Mark, the Lancaster Comic Book Guy, told me that he had received a set of volumes of Mike Carey's Lucifer. I advise anyone who has not read this series to consider buying Volume I. These eleven volumes depict what happens to Lucifer Morningstar after the ten plus volumes of Neil Gaiman's The Sandman.
I say "ten plus" because The Sandman monthly series was collected in ten volumes but there are also:
two volumes about Death;
one about all the Endless;
an illustrated prose story about Dream (i.e., "the Sandman");
the graphic adaptation of the prose story;
an anthology of original prose stories -
- and a few other DC Universe stories or series by Gaiman, including direct sequels to Alan Moore's six-volume Swamp Thing. So, of course, read all that before Lucifer.
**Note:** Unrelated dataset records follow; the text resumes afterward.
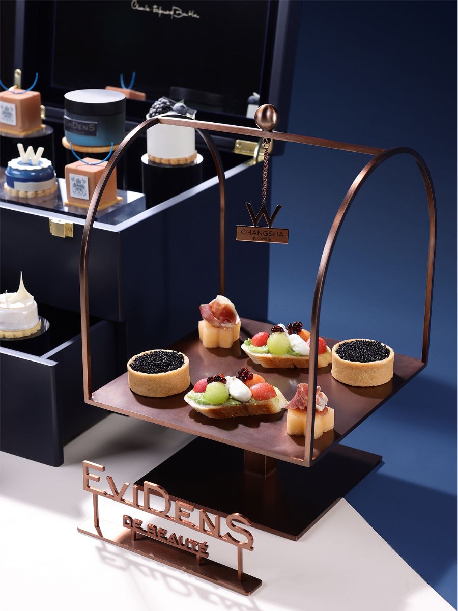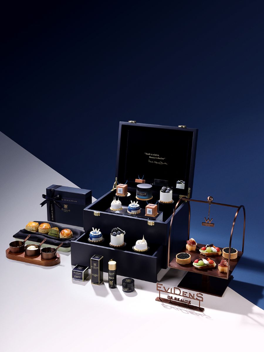 当南法护肤美学邂逅星城潮流地标,在新年伊始,长沙W酒店以伊菲丹经典天鹅绒蓝色、纯白色和鎏金色为主色调,设计了联名下午茶。甜品以奢华质感的礼盒呈现,如珍贵瑰宝,既体现了W的创意,又将伊菲丹的肌肤哲学通过咸甜交织的味蕾体验传递。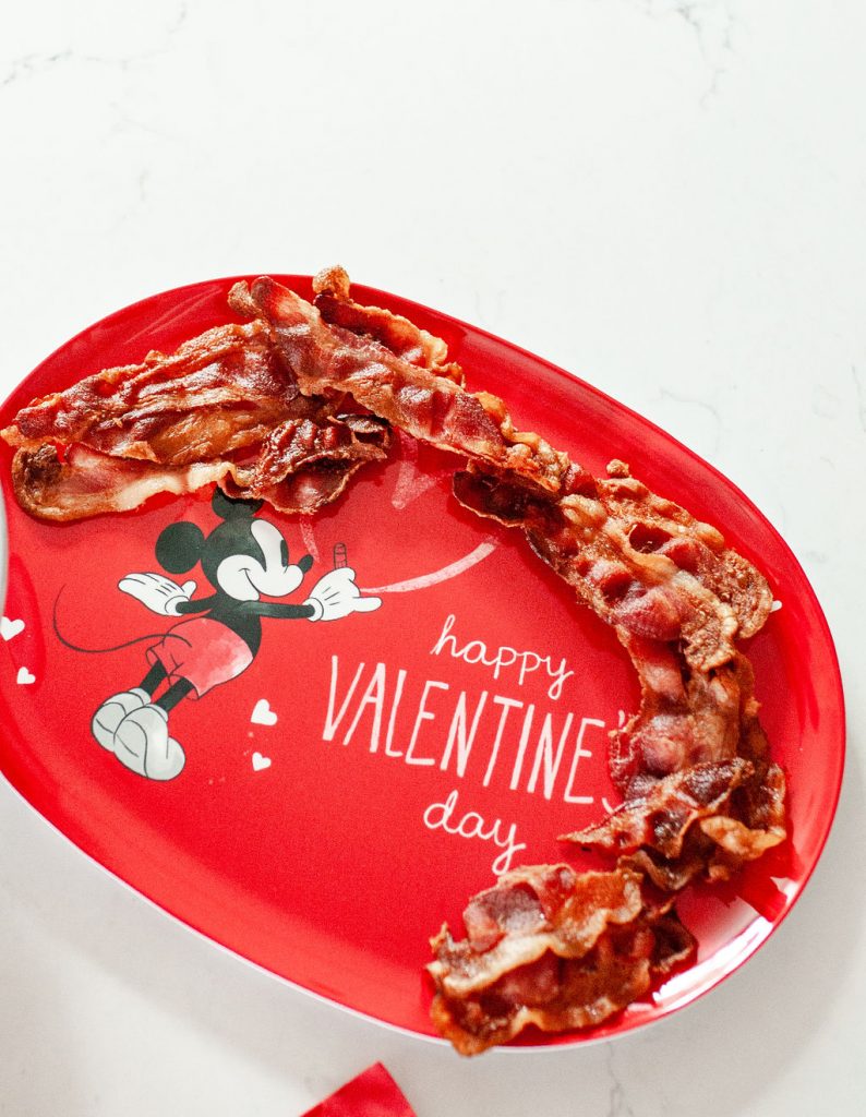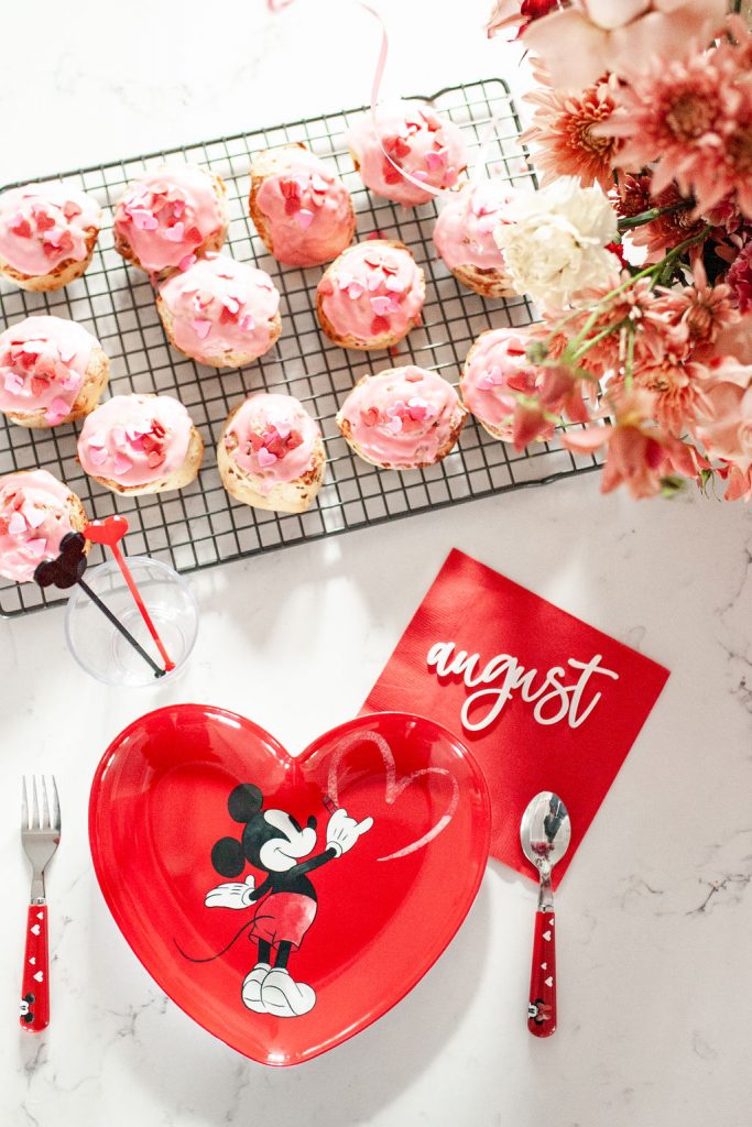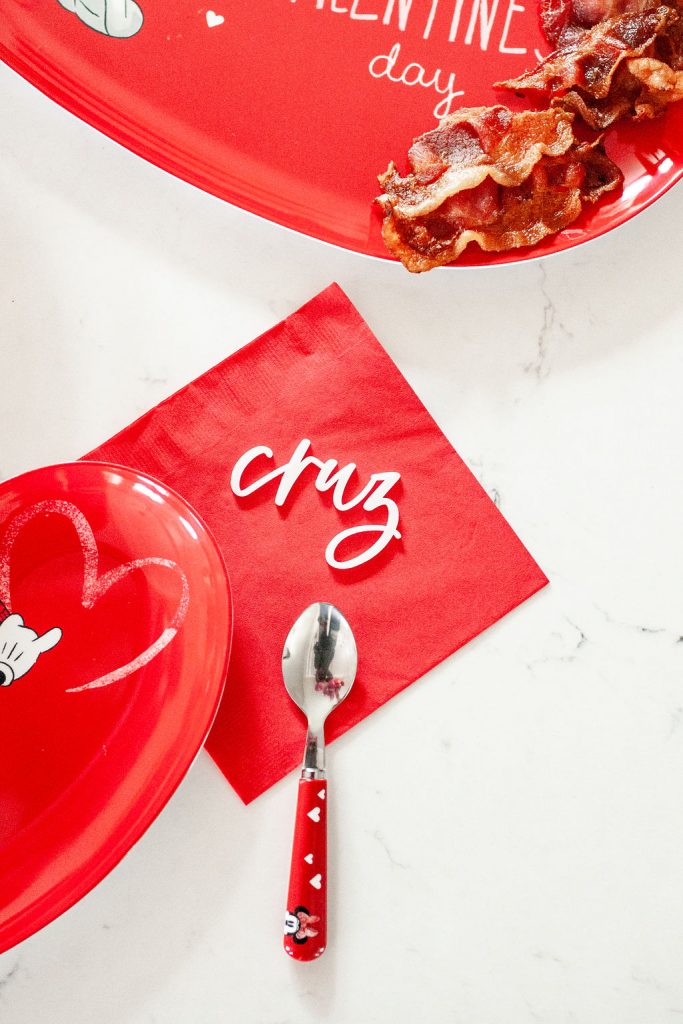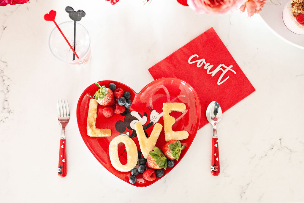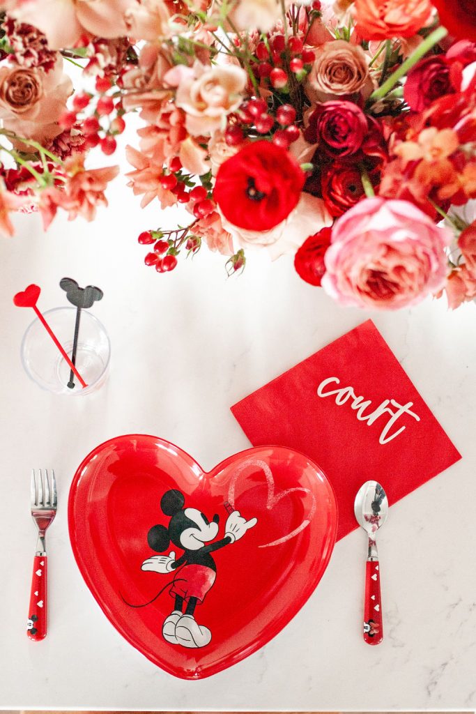 These cute Mickey heart plates, cups, and flatware created the perfect red Valentine’s Day tablescape.  I added red paper napkins, custom place cards that I bought last year for the holidays, and some fun Mickey & heart-shaped stir sticks from David & Leanna.  Yes, it’s a little extra but I love those details and think they make for such a fun tablescape.
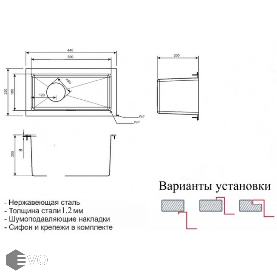 - Способ установки: Сверху на столешницу, Под столешницу, Вровень со столешницей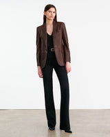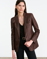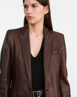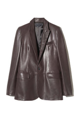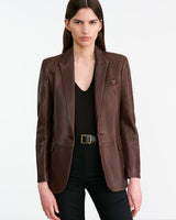 Slim fit blazer jacket in leather. Shoulder pads. Chest welt pocket. Pockets with flaps. Side panels. Logo horn buttons. Centre back seam detail. Interior pocket. Back vent. Fully lined.
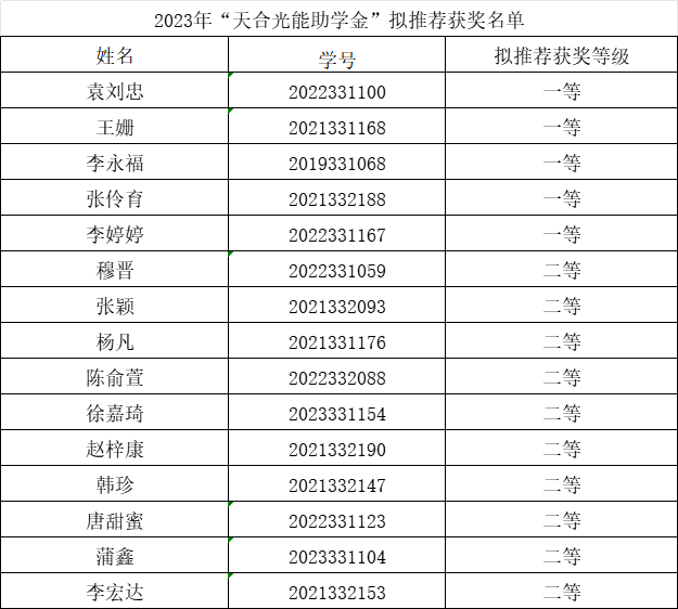 按照EMC易倍官方网站2023年“天合光能助学金”评选工作安排,经研究生申报、研办审核、专家评选,拟推荐获奖名单公示如下,如有异议请与赵晓杰老师联系,联系电话13504470223。
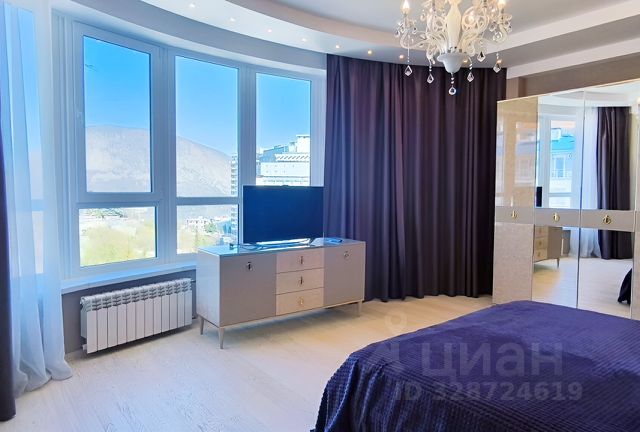 Мастер-спальня сделана отдельным приватным блоком — со своим санузлом и гардеробной. Панорамные окна выходят прямо на Аю-Даг. Установлен новый спальный гарнитур и кровать 180200.

Carey, like Gaiman, has enough mythological knowledge and creative imagination to sustain a story for hundreds of pages despite the near-omnipotence of some of the characters. Lucifer differs considerably from The Sandman, as Rick Veith's continuation of Swamp Thing also differs from Alan Moore's earlier re-creation of that character, but the differences of style and content enhance the value of these interconnected Vertigo titles which far surpass in quality most of DC Comics' more voluminous superheroes continuity.